I didn’t give much thought to what he was saying. I was a tad preoccupied with the fact I had just promised this little girl she could come live with me. What was I thinking? What if I couldn’t fulfill my promise? I didn’t know the rules of this place. I had little hope they would let a seven-year-old girl move in with a stranger—not to mention a male stranger—one she’d known less than a week. And even scarier, what if they said it was okay. Now, I wouldn’t say I was the most selfish person in the world, but I’d been looking out for numero uno for the past fifteen years. Narcissism came with the territory. How was I expected to take care of another person when I could barely take care of myself? Would I have to cook for her? Would I have to take her to school everyday? Read her a story at night? What if she got sick?

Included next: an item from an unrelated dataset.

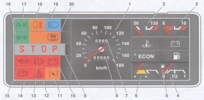 11) «Косая черта» — сигнализирует о прикрытии воздушной заслонки;

These thoughts kept going through my head and I didn’t even notice we’d stopped moving.
Dr. Raleigh said, “First stop. Off the bus everybody.”
I shook my head and looked out the window. We were parked in the fire lane of a skyscraper. I craned my neck, gazing upward as far as the confines of the window would allow.
“Come on.”
I turned around. Berlin was standing in the aisle with her hand held out. I took it.
We exited the bus and joined the group huddled in a small circle. While we waited for Dr. Raleigh—he was speaking on his cell phone—I surveyed my surroundings. Across the street from the skyscraper was a small café called Espresso’s—over the course of the day I would see twelve more Espresso’s, they were the Starbucks of Two—a dry cleaners, two banks, and another skyscraper. People filled the sidewalks, coming and going.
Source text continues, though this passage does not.